Шахна малодушно кивал головой — маленькая речка покорно текла в море.
Такие беседы порой затягивались до глубокой ночи; Князев вызывал своего опричника, топтуна — Крюкова, посылал в ресторан Млынарчика за едой; Крюков приносил лососину, жареных цыплят в соусе, пльзенское пиво, и споры продолжались.
Но сегодня Семен Ефремович не собирался задерживаться на службе, тем более что никакого допроса не предвиделось; дело Гирша было передано в суд, а нового недопрошенного преступника-еврея в 14-м номере не содержали. Не намерен был Шахна и до ночи лясы точить, обсуждать замечательные идеи своего начальника — пусть под лососину, пусть под жареных цыплят в оливковом соусе.
Воспользовавшись перерывом, Семен Ефремович решил попросить у Князева за отца: так, мол, и так, уважьте, ваше благородие, последнюю просьбу старика, разрешите свидание с сыном. (О том, чтобы в случае чего ему, Эфраиму, отдали тело Гирша, и заикнуться нельзя было!)
Князев обладал добрым сердцем. Прослужив более двадцати лет в жандармах, он испытывал к некоторым арестантам презрительную, брезгливую жалость, умел ценить чужое благородство и стойкость.
В каком-то ночном споре с Шахной он вспомнил этого юнца Кримера или Кремера и со свойственной ему задумчивой, русской распевностью сказал:
— Вот если бы мой Петя был таким, как он.
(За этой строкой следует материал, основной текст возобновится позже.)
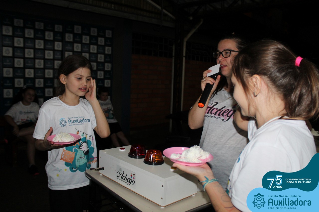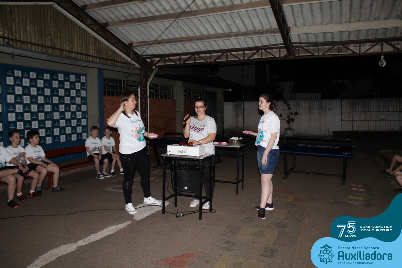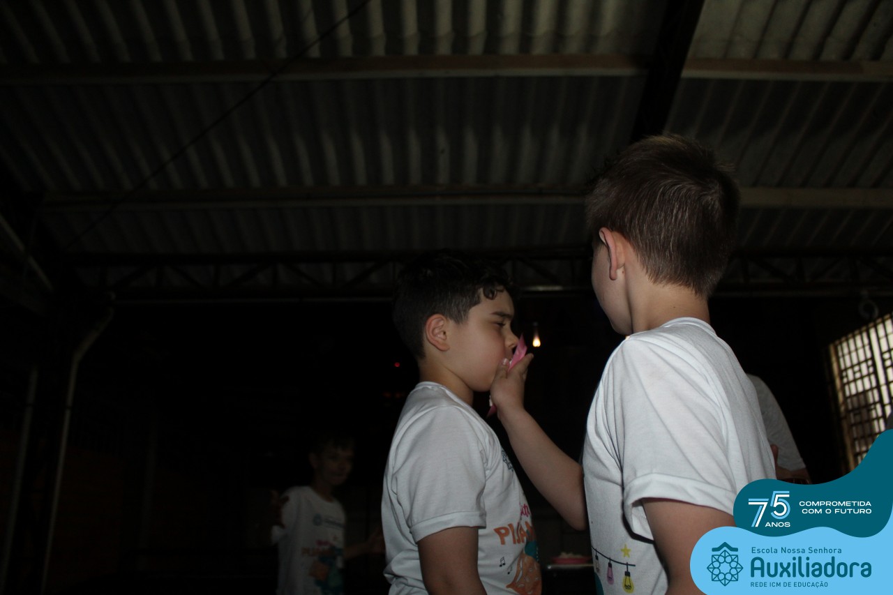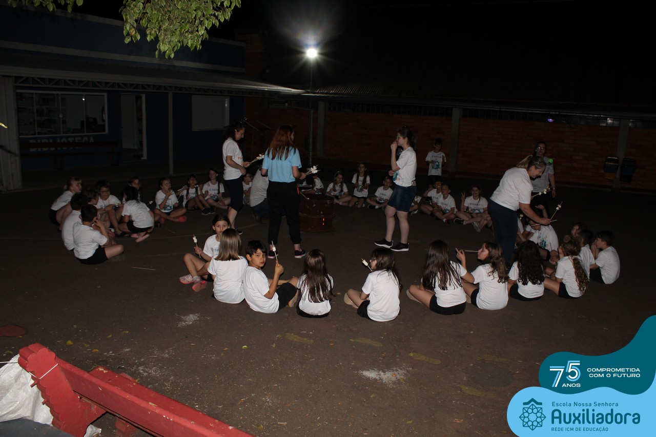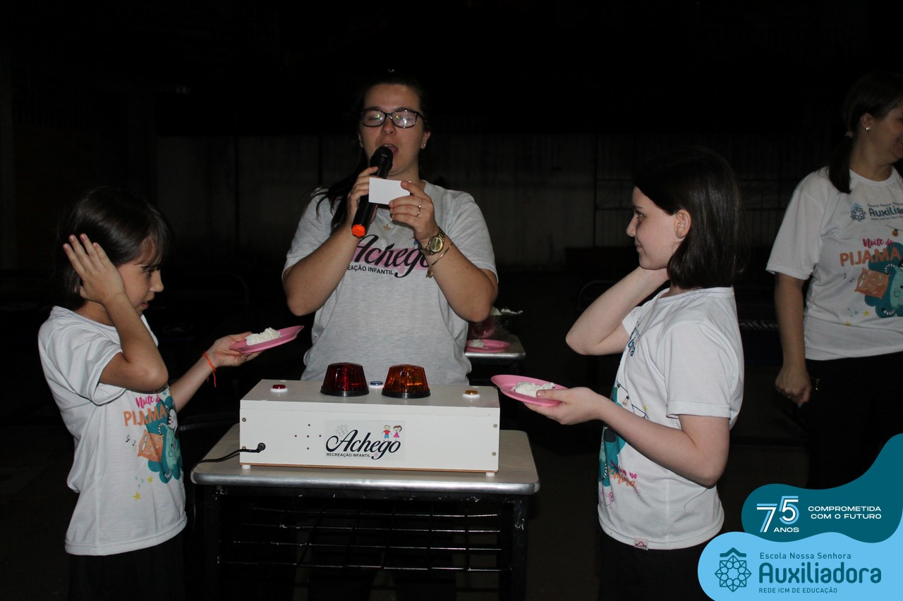 A noite foi de muitas atrações, que fizeram esse dia inesquecível. Teve espelho fotográfico, circuito de brincadeiras com a professora Jenifer, brincadeira “torta na cara” e baladinha com a Achego Recreação Infantil, fogueirinha de marshmallow, brincadeiras recreativas e, para fechar a noite, sessão cinema.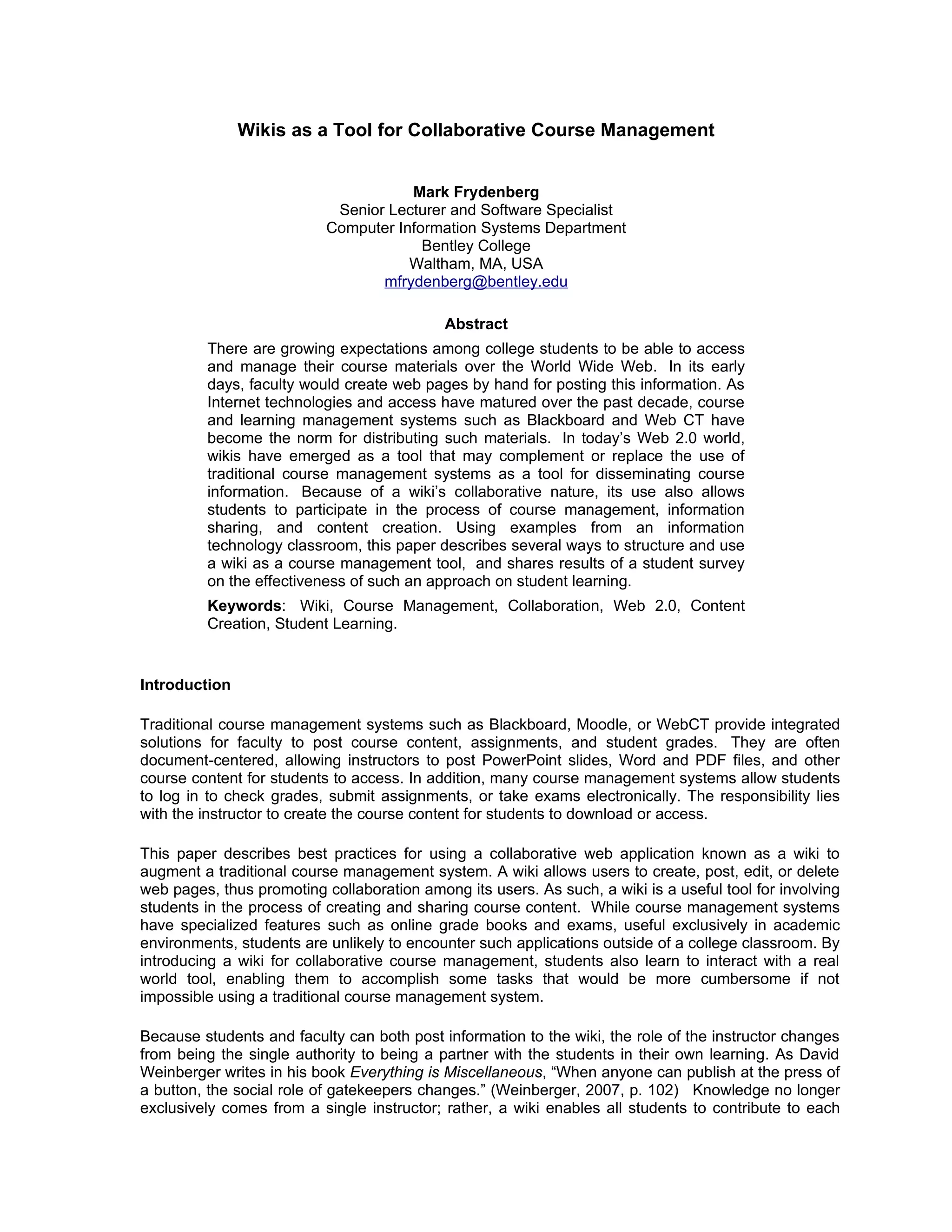 This document discusses using wikis as a tool for collaborative course management. It begins by describing how traditional course management systems are often document-centered and instructor-controlled, while wikis allow for more collaboration between students and instructors. It then provides details on how wikis work and their increasing educational uses for tasks like group projects, note-sharing, and course reviews. Potential educational concerns with wikis like security and lack of structure are addressed. The document concludes by describing how a wiki was used in an introductory technology course for syllabus management, project management, collaborative writing and studying.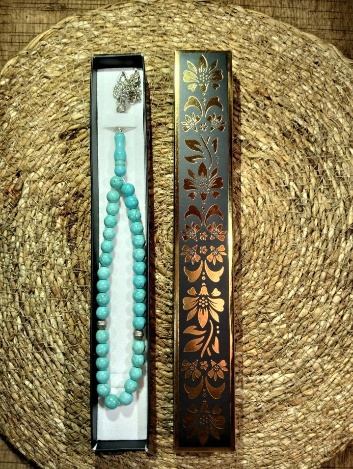Turkuaz renkte, renkli ve bohem tarzda erkek tesbih. Geleneksel tasarıma sahip ve şık kutusunda sunulur.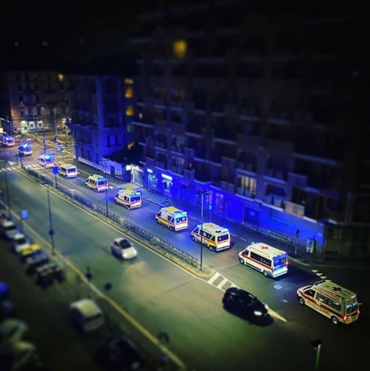 Në Torino, një foto e publikuar në Instagram portretizon kolonën e ambulancave me sirenat e fikura që kthehen rreth orës 10 të mbrëmjes në Corso Dante në fund të shërbimit të tyre, ndërsa në Foggia një linjë e gjatë e automjeteve të urgjencës po pret përpara spitalit.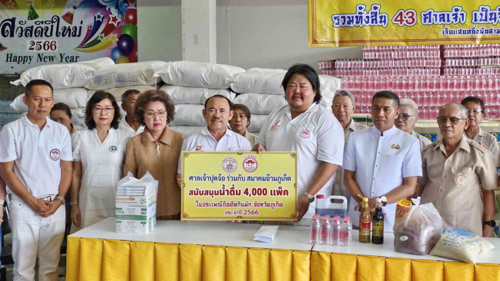 โอกาสนี้นางธันยรัศม์ อัจฉริยะฉาย อดีตสมาชิกวุฒิสภาภูเก็ต และผู้บริหารโรงแรมในเครือกะตะกรุ๊ป ร่วมมอบเงินให้แก่อ๊ามละ 5,000 บาท นอกจากนี้นายจีรวิทย์ ปิติกุลสถิตย์ ประธานอ๊ามจุ้ยตุ่ยและอ๊ามปุดจ้อสนับสนุนน้ำดื่ม 4,000 แพ็ค ในงานประเพณีถือศีลปฏิบัติจังหวัดภูเก็ตประจำปี 2566 และทางสำนักงานสาธารณสุขจังหวัดภูเก็ต ได้มอบเวชภัณฑ์ให้แต่ละอ๊ามด้วย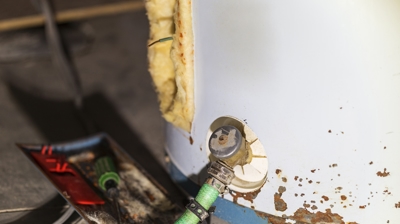 If you notice rusty or discolored water coming from your hot water tap, it could be a sign of corrosion inside your water heater tank. While rusty water can originate from old pipes, persistent discoloration often indicates that the water heater is corroding from the inside and may soon begin leaking.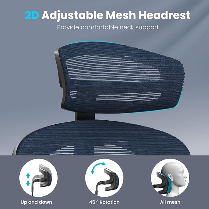 Farini Office Chair Ergonomic Desk Chair, High Back Computer Chair with Wheels, Home Sutdy Chair for Heavy People, Office Chair Adjustable Seat Depth, 3D Armrests and Adjustable Headrest, Blue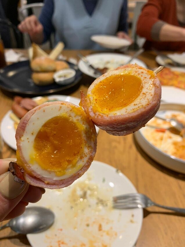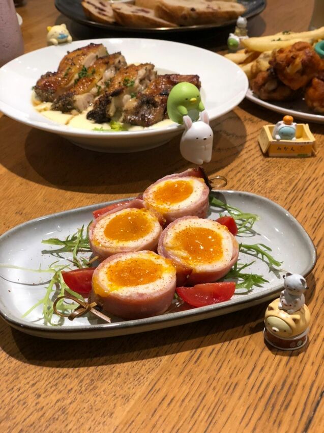 這是我看到菜單上的圖片就立刻點的一道菜,真的太吸睛了!小巧可愛的模樣,一層邪惡的培根包覆著我最愛的糖心蛋~~真的超愛!!!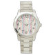 Cette montre pour femmes a un design moderne du milieu du siècle de rectangles répétitifs en turquoise, orange, betterave et orange sur un champ de blanc. Si vous aimez le design mais préférez différentes couleurs, envoyez-moi un message.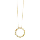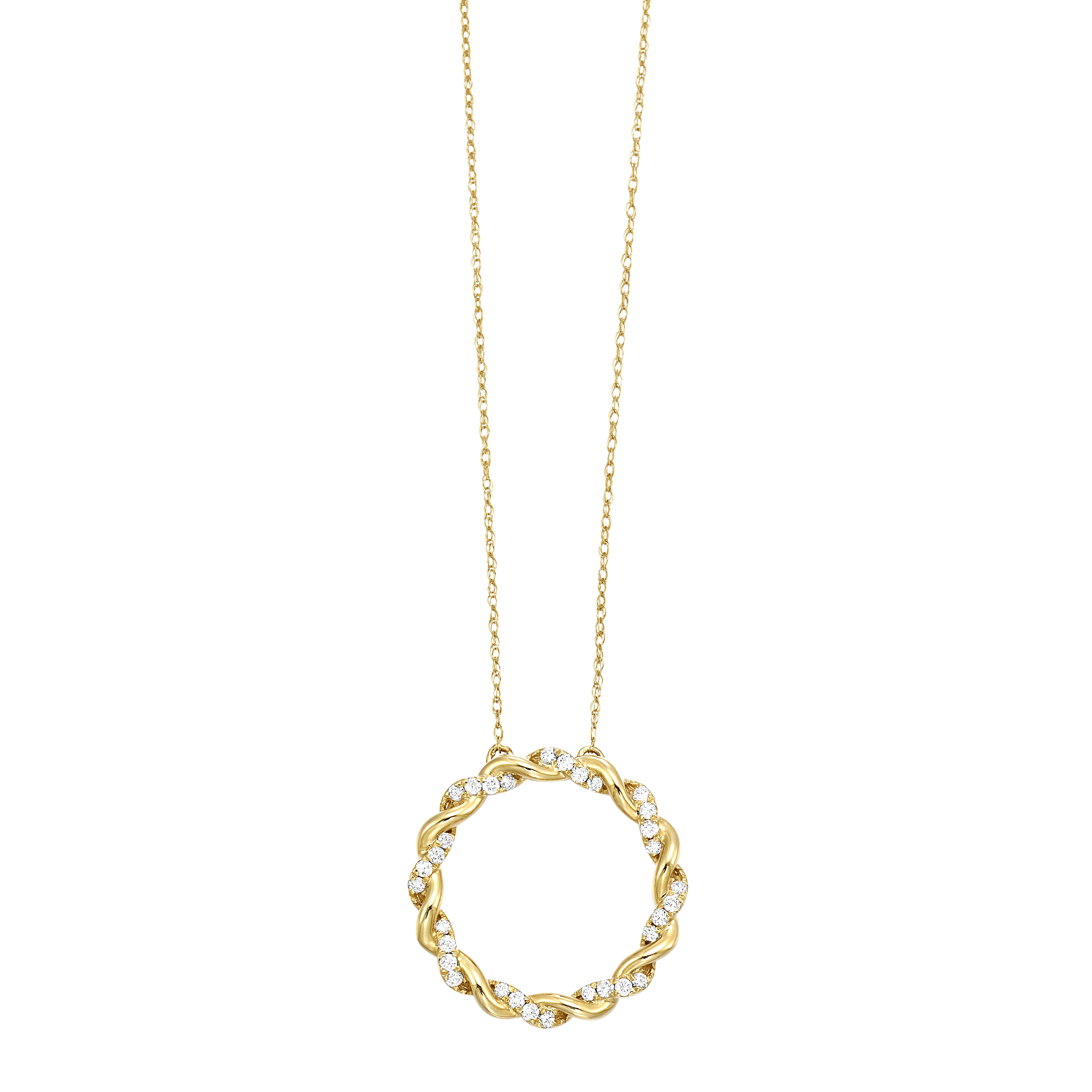 This gold and diamond fashion pendant is made up of a row of diamonds twisted around a row of high polish 10K yellow gold.

— Но он же государственный преступник!..
— Ну и что? Пете бы его твердость!
Утешало Шахну и то, что все прожекты Ратмира Павловича, его сногсшибательные идеи проистекали не от злобы, слепой вражды или предубежденности, а от неверного понимания племенных нужд, которыми он волей судеб вынужден был заниматься в этом чужом, разношерстном и, как ему казалось, неблагодарном крае.
Как назло, Князев долго не приходил — на костельных часах давно пробило десять, — и Семен Ефремович, зная пунктуальность Ратмира Павловича, уже стал беспокоиться. А вдруг он совсем не придет? В жандармском управлении ходили слухи о том, что жене Князева якобы противопоказан сырой литовский климат, другие говорили, что дело вовсе не в климате, что генерал-губернатор не доволен шефом жандармов и что в ближайшее время следует ждать его перевода в другой город.
Стараясь держаться в стороне от этих слухов и пересудов, Семен Ефремович тем не менее живо переживал каждую новость и меньше всего хотел, чтобы на место Ратмира Павловича назначили какого-нибудь другого служаку.
Когда в коридоре раздались тяжелые шаги Князева, Шахна почти просиял. Странно, но в эту минуту он готов был простить Ратмиру Павловичу все: и свое двухдневное пребывание в 14-м номере, и шутку (хороша шутка!) с наручниками, и ежедневное подтрунивание над его набожностью.
— Какие новости? — с порога осведомился полковник.
Семен Ефремович не понял, о каких новостях говорит Князев.
— Как там у вашего мудреца сказано: благая весть утучняет кости, — пророкотал Ратмир Павлович. — Что-то не вижу, чтобы они у тебя утучнились.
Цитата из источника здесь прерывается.